BEGIN Input material

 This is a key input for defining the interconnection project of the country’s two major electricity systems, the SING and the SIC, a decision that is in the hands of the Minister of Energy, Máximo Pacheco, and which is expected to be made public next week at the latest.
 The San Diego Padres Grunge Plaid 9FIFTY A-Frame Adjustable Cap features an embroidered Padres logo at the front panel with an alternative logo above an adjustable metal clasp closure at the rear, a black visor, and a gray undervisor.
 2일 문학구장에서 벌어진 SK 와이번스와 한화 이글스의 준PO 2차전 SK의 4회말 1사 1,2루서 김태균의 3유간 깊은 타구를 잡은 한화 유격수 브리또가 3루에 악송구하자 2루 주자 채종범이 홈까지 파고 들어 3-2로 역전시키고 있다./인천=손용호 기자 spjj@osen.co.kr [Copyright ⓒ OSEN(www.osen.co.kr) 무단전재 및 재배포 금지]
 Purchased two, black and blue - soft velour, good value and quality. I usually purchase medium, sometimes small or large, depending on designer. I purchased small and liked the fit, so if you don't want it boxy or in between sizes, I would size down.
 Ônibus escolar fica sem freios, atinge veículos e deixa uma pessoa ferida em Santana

END Input material
BEGIN Input material

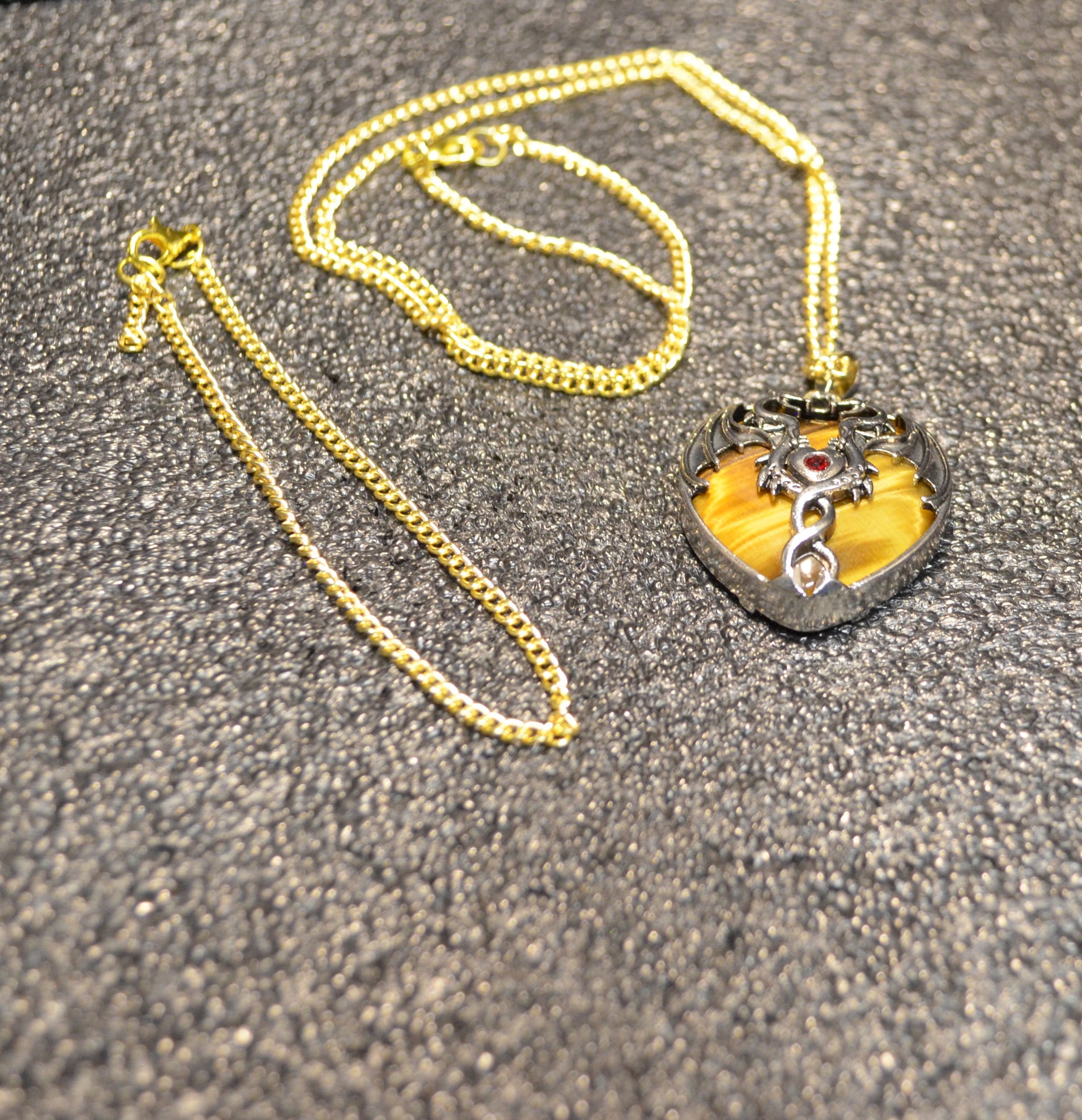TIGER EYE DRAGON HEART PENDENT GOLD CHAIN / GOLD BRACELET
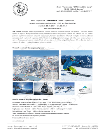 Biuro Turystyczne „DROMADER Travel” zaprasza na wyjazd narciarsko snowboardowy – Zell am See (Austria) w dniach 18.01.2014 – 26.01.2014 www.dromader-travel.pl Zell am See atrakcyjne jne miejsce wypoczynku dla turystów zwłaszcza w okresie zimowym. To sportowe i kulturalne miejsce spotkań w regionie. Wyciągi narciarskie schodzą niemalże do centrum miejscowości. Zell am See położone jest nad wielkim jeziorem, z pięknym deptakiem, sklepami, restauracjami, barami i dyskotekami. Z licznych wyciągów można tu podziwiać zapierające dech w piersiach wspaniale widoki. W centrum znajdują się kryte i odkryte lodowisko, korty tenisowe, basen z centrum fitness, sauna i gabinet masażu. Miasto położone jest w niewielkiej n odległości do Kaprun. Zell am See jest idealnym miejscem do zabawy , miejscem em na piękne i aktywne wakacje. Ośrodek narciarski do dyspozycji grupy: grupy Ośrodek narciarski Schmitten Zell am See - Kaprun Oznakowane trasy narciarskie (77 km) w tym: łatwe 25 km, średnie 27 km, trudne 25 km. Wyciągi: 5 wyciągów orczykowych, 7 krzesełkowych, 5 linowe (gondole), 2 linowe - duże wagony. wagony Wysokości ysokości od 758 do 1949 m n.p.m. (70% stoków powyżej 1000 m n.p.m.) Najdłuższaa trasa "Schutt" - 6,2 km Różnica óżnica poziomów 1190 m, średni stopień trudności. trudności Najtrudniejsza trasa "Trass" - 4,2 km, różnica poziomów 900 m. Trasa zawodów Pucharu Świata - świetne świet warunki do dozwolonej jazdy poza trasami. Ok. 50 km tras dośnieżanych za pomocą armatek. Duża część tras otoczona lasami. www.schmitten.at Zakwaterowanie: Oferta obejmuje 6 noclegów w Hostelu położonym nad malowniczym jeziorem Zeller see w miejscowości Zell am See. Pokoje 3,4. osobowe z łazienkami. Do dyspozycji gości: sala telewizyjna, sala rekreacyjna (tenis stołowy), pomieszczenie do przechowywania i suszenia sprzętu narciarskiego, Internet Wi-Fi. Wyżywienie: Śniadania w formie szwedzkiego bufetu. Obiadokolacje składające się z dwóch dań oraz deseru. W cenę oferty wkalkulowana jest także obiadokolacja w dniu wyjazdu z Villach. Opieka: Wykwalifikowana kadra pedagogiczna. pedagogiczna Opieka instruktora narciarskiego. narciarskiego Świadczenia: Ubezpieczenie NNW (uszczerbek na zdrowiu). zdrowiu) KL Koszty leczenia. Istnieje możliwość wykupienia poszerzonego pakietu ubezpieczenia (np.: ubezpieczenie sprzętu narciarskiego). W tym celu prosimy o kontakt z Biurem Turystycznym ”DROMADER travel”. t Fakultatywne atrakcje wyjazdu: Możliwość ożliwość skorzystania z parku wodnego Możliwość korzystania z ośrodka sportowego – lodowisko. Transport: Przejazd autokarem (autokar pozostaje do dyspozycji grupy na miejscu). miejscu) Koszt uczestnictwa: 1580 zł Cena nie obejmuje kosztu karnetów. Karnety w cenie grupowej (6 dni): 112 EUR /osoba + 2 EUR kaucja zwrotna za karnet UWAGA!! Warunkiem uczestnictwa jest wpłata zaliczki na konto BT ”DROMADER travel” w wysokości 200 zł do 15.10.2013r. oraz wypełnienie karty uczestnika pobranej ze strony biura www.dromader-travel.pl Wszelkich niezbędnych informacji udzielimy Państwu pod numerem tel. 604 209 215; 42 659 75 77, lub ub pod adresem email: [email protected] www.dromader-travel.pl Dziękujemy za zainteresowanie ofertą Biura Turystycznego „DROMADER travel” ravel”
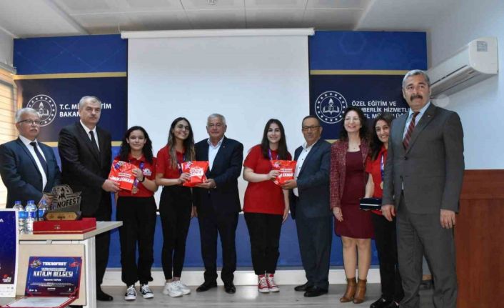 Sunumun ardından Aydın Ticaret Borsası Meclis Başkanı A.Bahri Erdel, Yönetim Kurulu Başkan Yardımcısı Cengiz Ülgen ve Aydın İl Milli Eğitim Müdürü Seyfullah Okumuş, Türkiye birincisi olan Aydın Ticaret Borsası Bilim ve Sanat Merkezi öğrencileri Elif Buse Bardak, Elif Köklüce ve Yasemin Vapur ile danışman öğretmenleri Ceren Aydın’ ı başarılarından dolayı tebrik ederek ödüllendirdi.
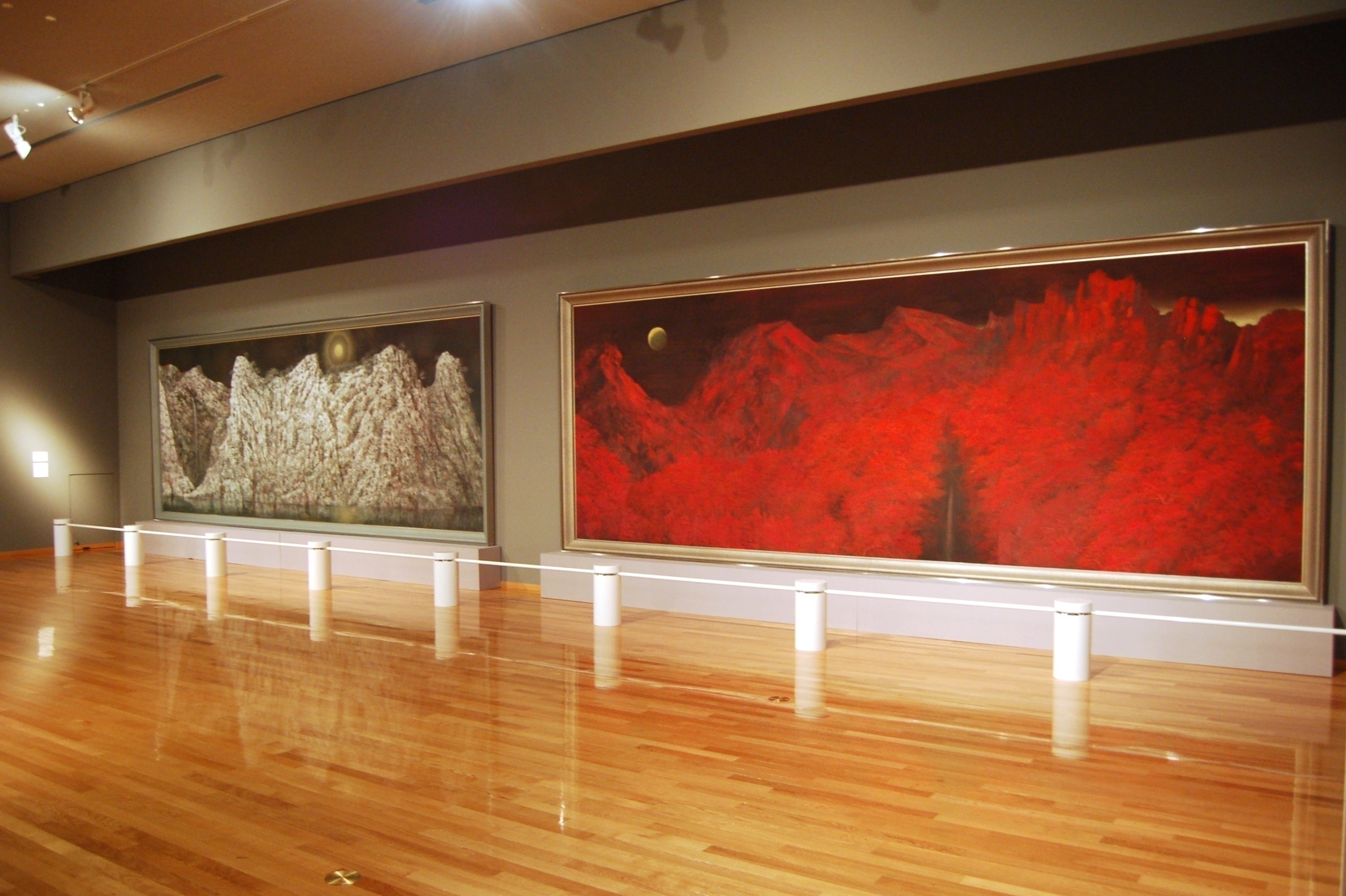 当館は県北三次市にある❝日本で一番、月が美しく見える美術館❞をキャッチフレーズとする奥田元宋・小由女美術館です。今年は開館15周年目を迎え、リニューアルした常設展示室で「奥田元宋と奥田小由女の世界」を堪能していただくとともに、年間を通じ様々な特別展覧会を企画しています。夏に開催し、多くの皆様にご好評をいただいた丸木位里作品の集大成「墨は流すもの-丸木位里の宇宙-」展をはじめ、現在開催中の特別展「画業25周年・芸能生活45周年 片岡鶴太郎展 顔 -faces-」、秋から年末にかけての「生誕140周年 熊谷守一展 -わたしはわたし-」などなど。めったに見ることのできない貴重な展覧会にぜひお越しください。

END Input material
BEGIN Input material

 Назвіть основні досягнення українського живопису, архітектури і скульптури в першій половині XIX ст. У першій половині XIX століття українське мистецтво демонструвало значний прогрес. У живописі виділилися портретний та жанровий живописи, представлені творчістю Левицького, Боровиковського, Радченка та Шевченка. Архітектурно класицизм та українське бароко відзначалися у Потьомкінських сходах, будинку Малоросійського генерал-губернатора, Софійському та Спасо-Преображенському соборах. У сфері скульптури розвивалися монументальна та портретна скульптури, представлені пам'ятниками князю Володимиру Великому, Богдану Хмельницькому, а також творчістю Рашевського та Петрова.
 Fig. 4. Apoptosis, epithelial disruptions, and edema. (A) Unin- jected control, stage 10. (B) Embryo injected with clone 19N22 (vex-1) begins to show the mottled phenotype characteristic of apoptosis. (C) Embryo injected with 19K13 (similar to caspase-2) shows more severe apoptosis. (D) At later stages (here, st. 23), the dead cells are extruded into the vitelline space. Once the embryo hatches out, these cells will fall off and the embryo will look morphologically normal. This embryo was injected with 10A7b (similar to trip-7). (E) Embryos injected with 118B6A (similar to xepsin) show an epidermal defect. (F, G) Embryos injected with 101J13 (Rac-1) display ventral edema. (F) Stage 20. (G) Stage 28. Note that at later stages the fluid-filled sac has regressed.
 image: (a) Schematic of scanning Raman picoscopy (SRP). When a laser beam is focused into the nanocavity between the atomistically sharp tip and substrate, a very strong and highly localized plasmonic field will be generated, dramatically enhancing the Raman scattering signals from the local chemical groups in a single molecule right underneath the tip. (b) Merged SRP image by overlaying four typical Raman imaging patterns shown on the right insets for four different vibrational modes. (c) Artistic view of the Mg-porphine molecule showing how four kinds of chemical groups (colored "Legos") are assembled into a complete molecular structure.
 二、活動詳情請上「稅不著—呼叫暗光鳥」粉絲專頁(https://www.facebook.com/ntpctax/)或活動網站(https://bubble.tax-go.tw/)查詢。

END Input material

§ **Task details**:
The lines you return should be those above that contain the word "This", every one of them.

§ **Written reply**:
 This is a key input for defining the interconnection project of the country’s two major electricity systems, the SING and the SIC, a decision that is in the hands of the Minister of Energy, Máximo Pacheco, and which is expected to be made public next week at the latest.
 Fig. 4. Apoptosis, epithelial disruptions, and edema. (A) Unin- jected control, stage 10. (B) Embryo injected with clone 19N22 (vex-1) begins to show the mottled phenotype characteristic of apoptosis. (C) Embryo injected with 19K13 (similar to caspase-2) shows more severe apoptosis. (D) At later stages (here, st. 23), the dead cells are extruded into the vitelline space. Once the embryo hatches out, these cells will fall off and the embryo will look morphologically normal. This embryo was injected with 10A7b (similar to trip-7). (E) Embryos injected with 118B6A (similar to xepsin) show an epidermal defect. (F, G) Embryos injected with 101J13 (Rac-1) display ventral edema. (F) Stage 20. (G) Stage 28. Note that at later stages the fluid-filled sac has regressed.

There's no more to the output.